Saturday, March 28, 2009

In defense of architectural kitsch or Why we should preserve giant sized Americana

As a child my family spent many an hour on the highways between Nebraska, where we lived, and Minnesota where my grandfather resided. I remember the miles of cornfields, an endless yellow and green blur, sometimes punctuated by a silo in red and white. Every so often in this landscape of anonymous uniformity a startling, one might say shocking, vision would appear—the roadside tourist trap.

Giant sized Indians, cowboys, corn…and the greatest of them all, Paul Bunyan and Babe the Blue Ox towering above the landscape. Actually there were and still are two giant Paul Bunyans in Minnesota, one that talked, in Brainerd and the other, which stood mute, in Bemidji. These roadside attractions represent a quickly disappearing art form that is a link to the best and worst of pre-interstate America—an unbounded desire for the new and weird melded with crass commercialism.

This uniquely American art form that combines art, artifice and advertising on a grand scale can be broken down further into two sub-categories. The first is mimetic architecture, buildings meant to resemble a person animal or object, as in the Brown Derby Restaurant—a building in the shape of, yes you guessed it, a brown derby hat—in Los Angeles. The other category consists of giant sculptures with no utilitarian purpose as in the above-mentioned Paul Bunyans. The common trait of all these works are a sense of the naive that can be compared to the paintings of Grandma Moses, that is, the proportions may not be correct, but the work has undeniable vitality and truthfulness.

I’ve found that the most exotic of man-made wonders have been built in places with a dearth of natural ones. Middle America could perhaps be considered the roadside attraction epicenter for this reason. Miles of corn, wheat or barren moonscape seems a natural setting for a giant bull, T-Rex, or an aqua-blue whale. But in the America of the 1930s, 40s and 50s, anywhere people passed through or vacationed was fair game and competition often pushed the boundaries of the imagination.

Henry Ford, by mass-producing his Model T and thereby lowering the cost of the automobile, helped usher in the era of roadside tourist traps. The entrepreneurial of spirit could now fleece the passing motorist in a way that P.T. Barnum never has the opportunity to do. If you weren’t lucky enough to own the rights to some natural wonder like a cave or scenic vista you could always build something big enough or strange enough to pique the interest of a passing motorist.

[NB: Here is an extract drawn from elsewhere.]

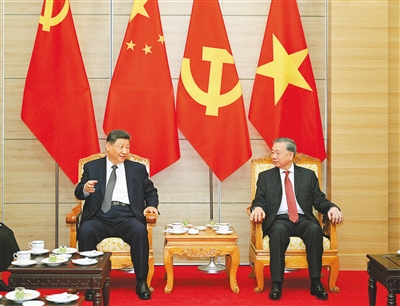 习近平指出,这次访问时间虽短,但活动丰富、成果丰硕。双方重申共同壮大世界社会主义事业的政治意愿,都期待朝着“六个更”总体目标全面推进两国战略合作,都表示抵御外部风险挑战,维护地区和平稳定和国际公平正义。我对中越关系发展前景充满信心。双方要全面落实这次访问成果,持续推进中越命运共同体建设。
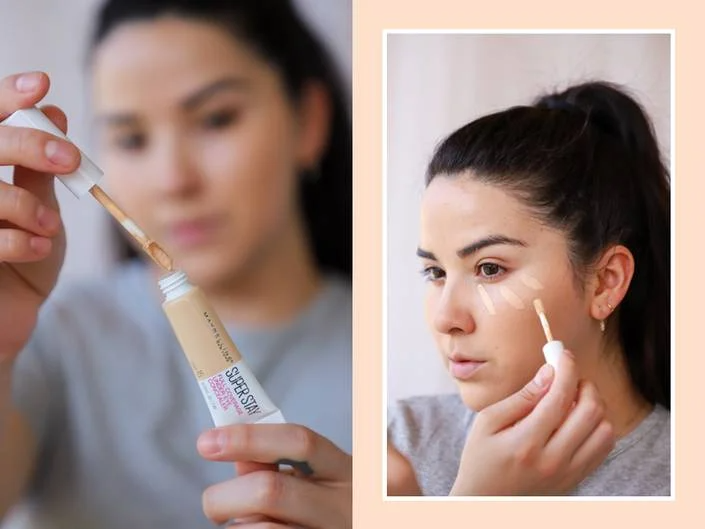 بعد ذلك، ضعي الكونسيلر أسفل عينيك على شكل مثلث مقلوب. تضمن لك هذه التقنية تغطية طبيعية وتضيء محيط العيون. نوصي بكونسيلر Maybelline New York Super Stay Concealer لتغطيته الكاملة مع ضمان الترطيب.

Route 66 was once lined with both categories of giant sized Americana. A few examples survive today, including the Wigwam Motel in Hollbrook, AZ., and an over-sized space man known as the Gemini Giant in Wilmington, IL., but much has been lost.

When President Eisenhower signed the Federal Aid Highway Act of 1956 into law, he helped sound the death knell of roadside attractions in America. The law instituted the federal interstate system, connecting the country in a new way, but bypassing most of the tourist traps near smaller highways that no longer saw a large amount of traffic.

All across the country these irreplaceable pieces of America are in danger or are already gone forever. In California, Las Vegas and the Jersey Shore a number of examples of Googie architecture of the 1940s and 50s, which often used mimetic devices, have been torn down and in most cases replaced with designs of modern and post-modern simplicity or ubiquitous boxes lacking any semblance of style.